[英]“to_tsquery” on tsvector yields different results when using “simple” and “english”?
I've been enlisted to help on a project and I'm diving back into PostgreSQL after not working with it for several years. 我已经被邀请参与一个项目的帮助,并且在几年没有使用它之后我又回到了PostgreSQL。 Lack of use aside, I've never run into using tsvector fields before and now find myself facing a bug based on them. 除了缺乏使用之外,我以前从未遇到使用tsvector字段,现在发现自己面临着基于它们的错误。 I read the documentation on the field type and it's purpose, but I'm having a hard time digging up documentation on how 'simple' differs from 'english' as the first parameter to to_tsquery() 我阅读了关于字段类型及其目的的文档,但是我很难将关于“简单”与“英语”的区别的文档作为to_tsquery()的第一个参数进行挖掘
Example 例
> SELECT to_tsvector('mortgag') @@ to_tsquery('simple', 'mortgage')
?column?
----------
f
(1 row)
> SELECT to_tsvector('mortgag') @@ to_tsquery('english', 'mortgage')
?column?
----------
t
(1 row)
I would think they should both return true, but obviously the first does not - why? 我认为他们都应该回归真实,但显然第一次没有 - 为什么?

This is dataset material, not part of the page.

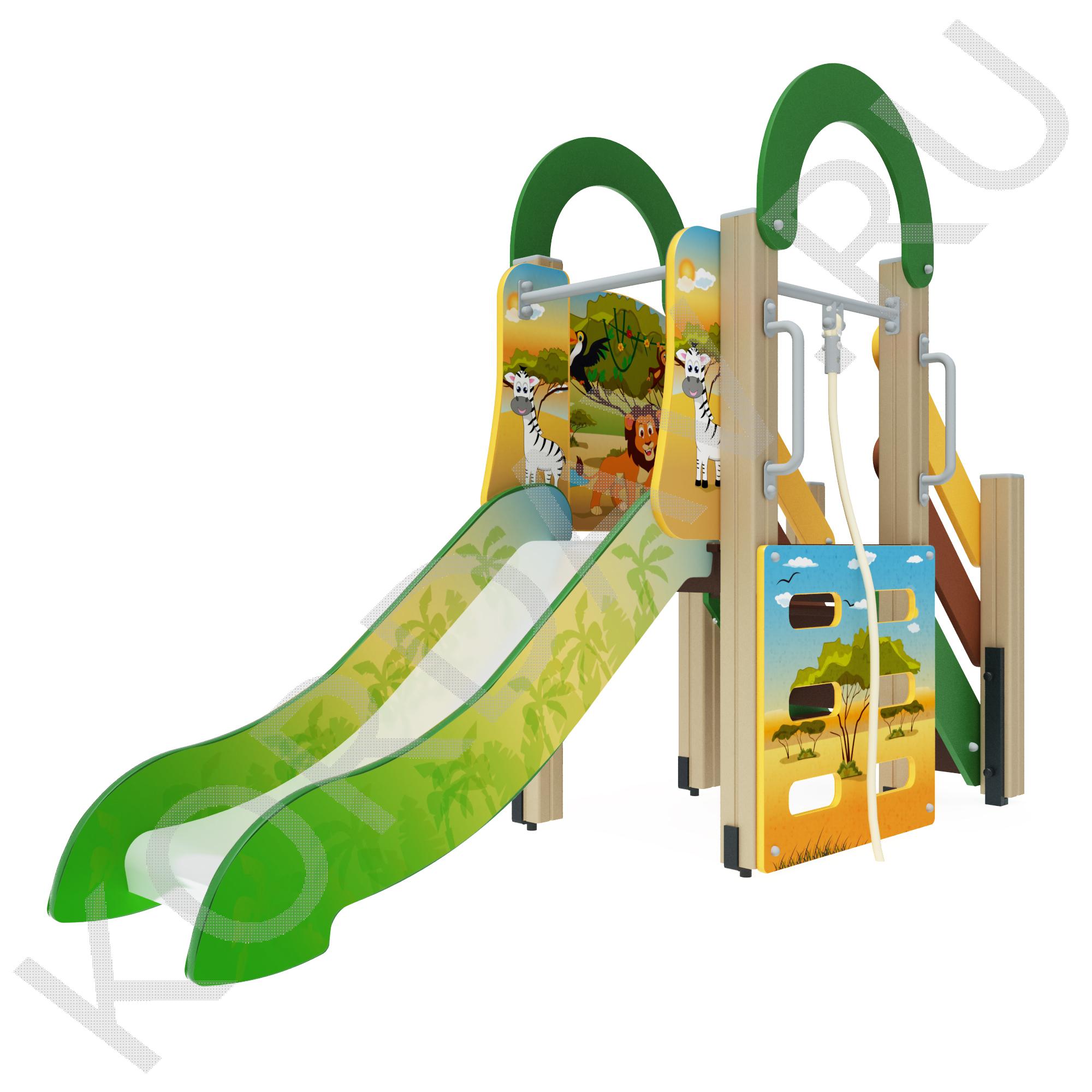 Конструкция детской горки предусматривает наличие башни, которая держится на четырех клееных брусьях размерами 9х9 см. Пол башни изготовлен из фанеры с антискользящим покрытием. Над башней предусмотрено наличие арок размерами 780х500 мм. Для поднятия на горку предусмотрена лестница из двух ступенек. Она имеет несколько перил и борта. Кроме того, предусмотрено наличие щита-ограждения с отверстием, его размеры составляют 780х700 мм. Также у детской горки есть канат, сделанный из полиуретана.

The FTS utilizes dictionaries to normalize the text: FTS利用词典来规范化文本:
12.6. 12.6。 Dictionaries 字典
Dictionaries are used to eliminate words that should not be considered in a search ( stop words ), and to normalize words so that different derived forms of the same word will match. 字典用于消除在搜索中不应考虑的单词 ( 停用单词 ),并对单词进行标准化 ,以使相同单词的不同派生形式匹配。 A successfully normalized word is called a lexeme . 成功标准化的单词称为lexeme 。
So dictionaries are used to throw out things that are too common or meaningless to consider in a search ( stop words ) and to normalize everything else so city and cities , for example, will match even though they're different words. 因此,字典被用来丢弃在搜索中停留的常见或无意义的东西( 停用词 )并将其他所有内容归一化,例如城市和城市即使它们是不同的词也会匹配。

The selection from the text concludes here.